Please return exactly the lines from the top of the data through the line that contains "Das Finale der", and skip all pictures.

Saved entries
* * *
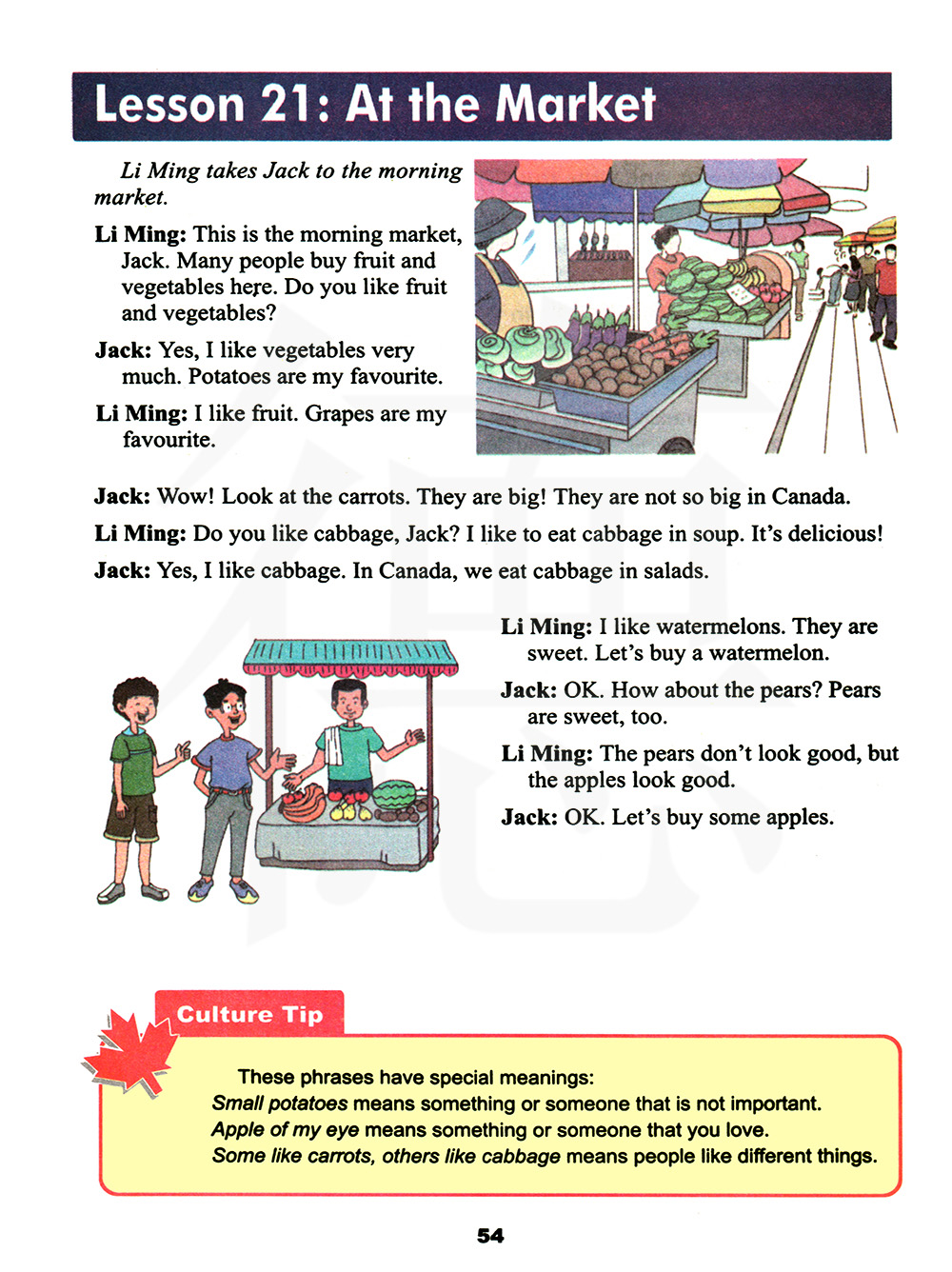 李明:这是早市,杰克。许多人在这里买水果和蔬菜。你喜欢水果和蔬菜吗? 杰克:是的。我非常喜欢蔬菜。土豆是我最喜欢的。
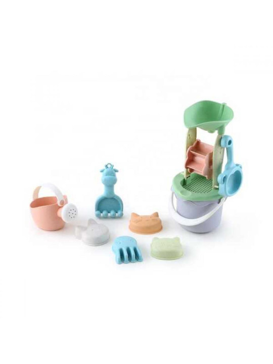 Zestaw do Piasku w Wiaderku WOOPIE GREEN z Kołowrotkiem - 9 Elementów - Biodegradowalny i Organiczny Materiał
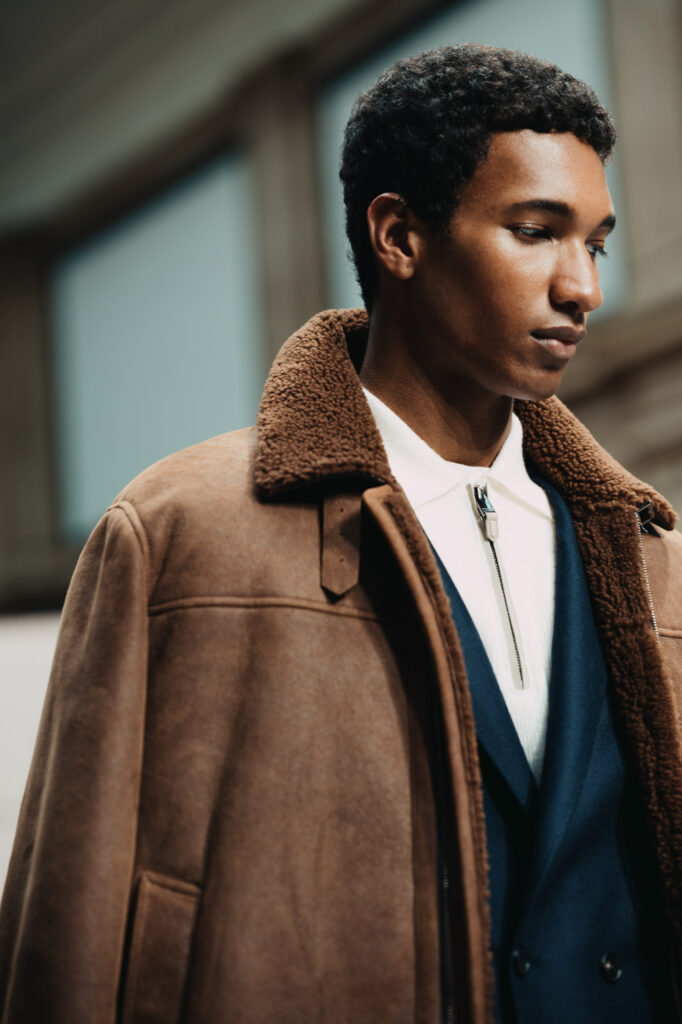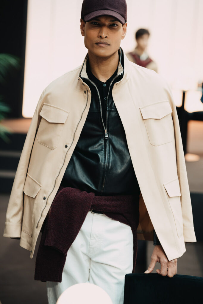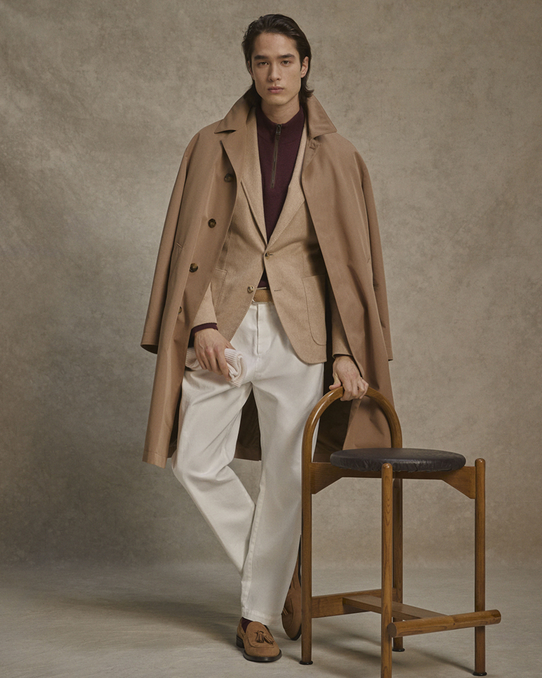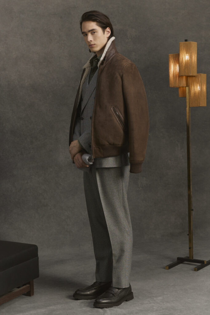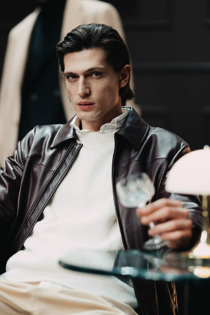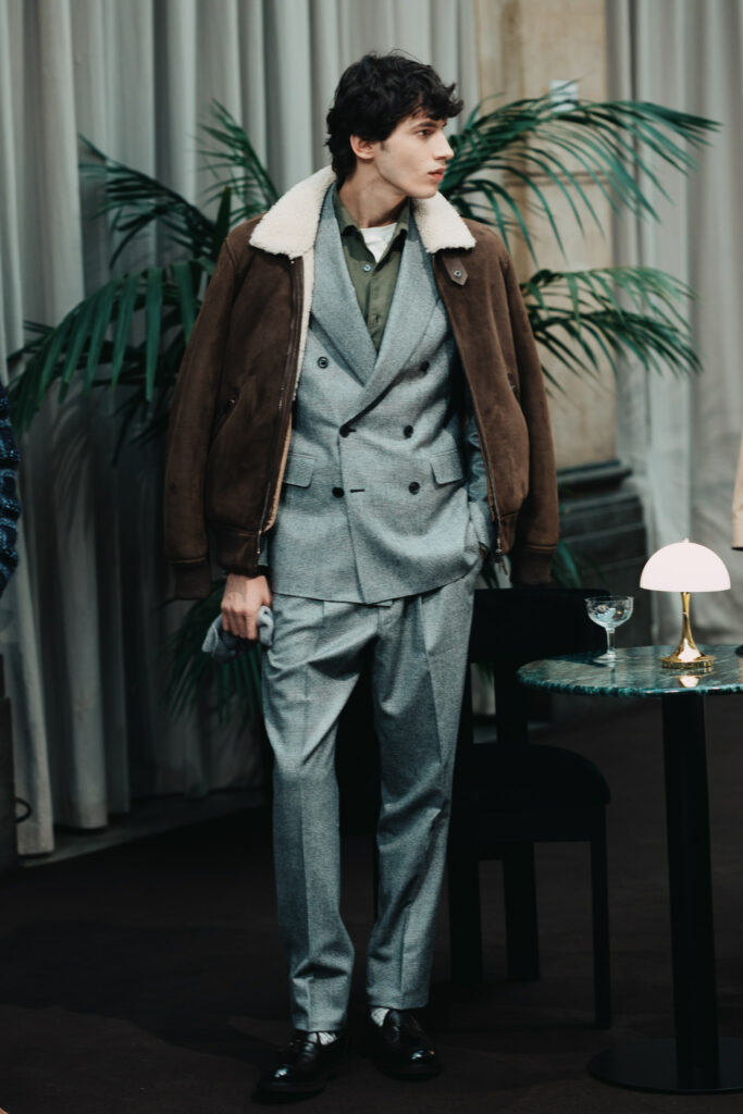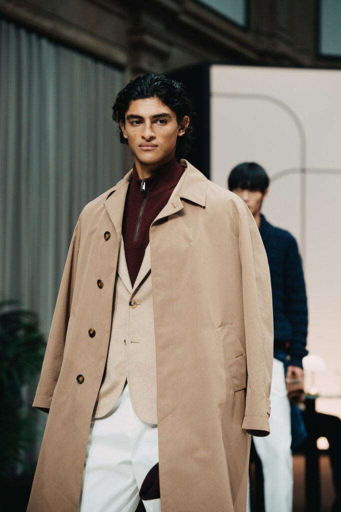 Abito e giacca restano il fulcro di un guardaroba trasversale, capace di muoversi con naturalezza tra formale e informale. L’outerwear si rinnova con la stessa precisione di un gesto calibrato: giacche in cashmere e vicuña, cappotti in puro cashmere e trench dai volumi più ampi convivono con capi di ispirazione utility, come la quattro tasche in lana e seta o la giacca matelassé, ideale trait d’union tra città e natura. La pelle aggiunge profondità alla collezione, caratterizzando giacche in nappa e bomber in montone, sempre governati da costruzioni impeccabili e da un’attenzione estrema a proporzioni e vestibilità.
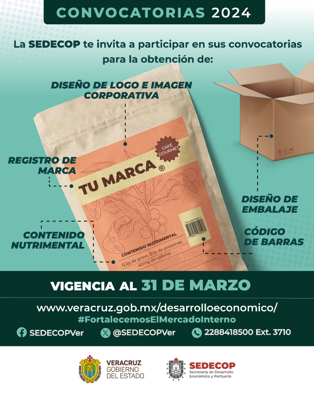 Para mayores informes, puedes comunicarte a la Dirección de Promoción a Emprendedores y MiPyMEs en el teléfono (228) 841-85-00, extensión 3710, o consultar las bases en redes de la SEDECOP y la página http://www.veracruz.gob.mx/desarrolloeconomico/.
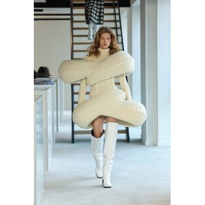 Das Finale der Freizügigkeit lieferte Duran Lantink. Der niederländische Designer stellte die Modewelt buchstäblich auf den Kopf: Ein weibliches Model trug einen männlichen Oberkörper als Oberteil, ein männliches Model trug Fake-Brüste. Doch das war erst der Anfang. Beim Umdrehen blitzten die nackten Pos der Models aus den tief sitzenden Jeans hervor. Ob man seine Kreationen im Alltag tragen kann? Eher fraglich. Aber sicher ist: Bei Duran Lantink wird Nacktheit zur Kunst.
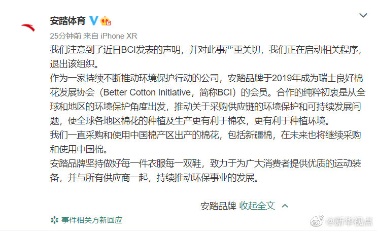 安踏体育在声明中说,安踏品牌于2019年成为瑞士良好棉花发展协会(BCI)的会员,合作的纯粹初衷是从全球和地区的环境保护角度出发。他们注意到了近日BCI发表的声明,并对此事严重关切。
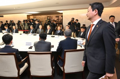 비장한 각오로 회의 참석하는 안덕근 산업통상자원부 장관
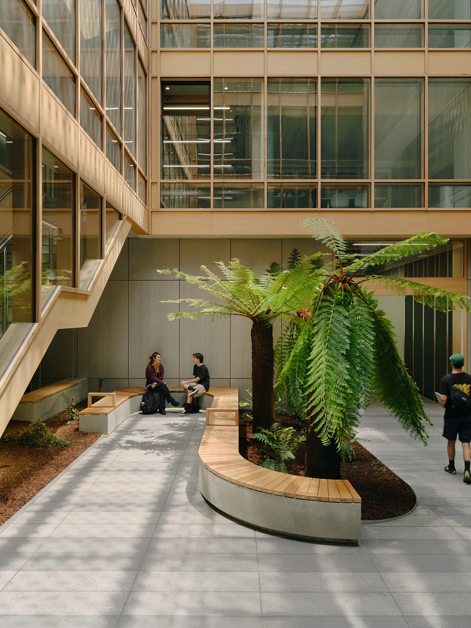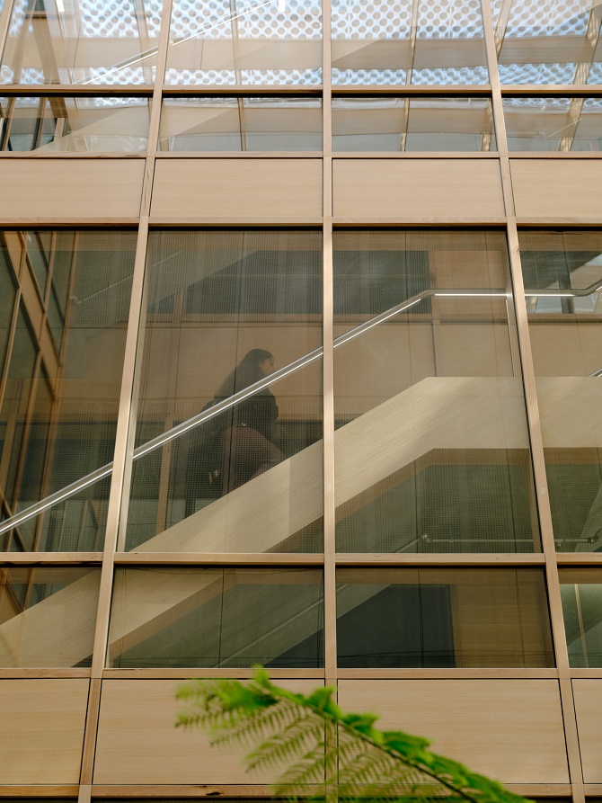 “CHES’ hybridised structure, combining laminated timber and concrete to reduce embedded carbon, is left exposed, allowing students to observe the tectonics of the architecture” – Fieldwork
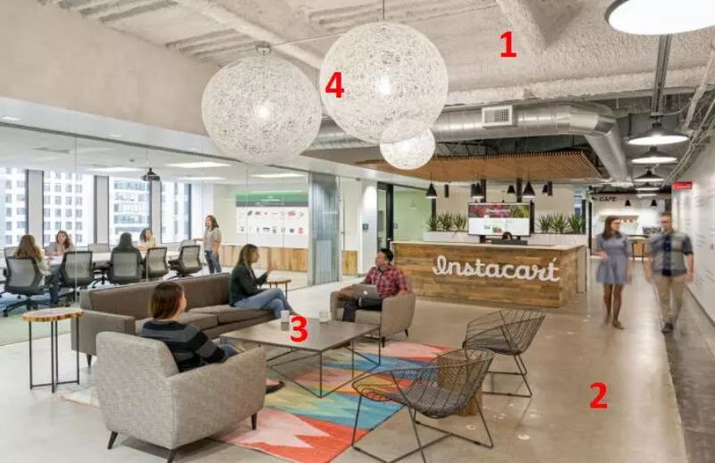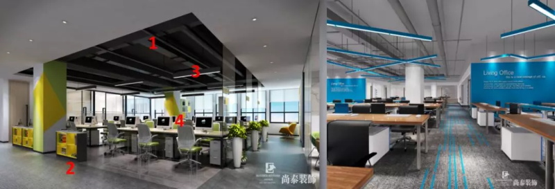 開(kāi)放辦公區(qū)域作為整體員工工作區(qū)域,保證員工舒適性,提高工作效率,天花噴灰色漆,
* * *
= YOUR RESPONSE =
 李明:这是早市,杰克。许多人在这里买水果和蔬菜。你喜欢水果和蔬菜吗? 杰克:是的。我非常喜欢蔬菜。土豆是我最喜欢的。
 Zestaw do Piasku w Wiaderku WOOPIE GREEN z Kołowrotkiem - 9 Elementów - Biodegradowalny i Organiczny Materiał
 Abito e giacca restano il fulcro di un guardaroba trasversale, capace di muoversi con naturalezza tra formale e informale. L’outerwear si rinnova con la stessa precisione di un gesto calibrato: giacche in cashmere e vicuña, cappotti in puro cashmere e trench dai volumi più ampi convivono con capi di ispirazione utility, come la quattro tasche in lana e seta o la giacca matelassé, ideale trait d’union tra città e natura. La pelle aggiunge profondità alla collezione, caratterizzando giacche in nappa e bomber in montone, sempre governati da costruzioni impeccabili e da un’attenzione estrema a proporzioni e vestibilità.
 Para mayores informes, puedes comunicarte a la Dirección de Promoción a Emprendedores y MiPyMEs en el teléfono (228) 841-85-00, extensión 3710, o consultar las bases en redes de la SEDECOP y la página http://www.veracruz.gob.mx/desarrolloeconomico/.
 Das Finale der Freizügigkeit lieferte Duran Lantink. Der niederländische Designer stellte die Modewelt buchstäblich auf den Kopf: Ein weibliches Model trug einen männlichen Oberkörper als Oberteil, ein männliches Model trug Fake-Brüste. Doch das war erst der Anfang. Beim Umdrehen blitzten die nackten Pos der Models aus den tief sitzenden Jeans hervor. Ob man seine Kreationen im Alltag tragen kann? Eher fraglich. Aber sicher ist: Bei Duran Lantink wird Nacktheit zur Kunst.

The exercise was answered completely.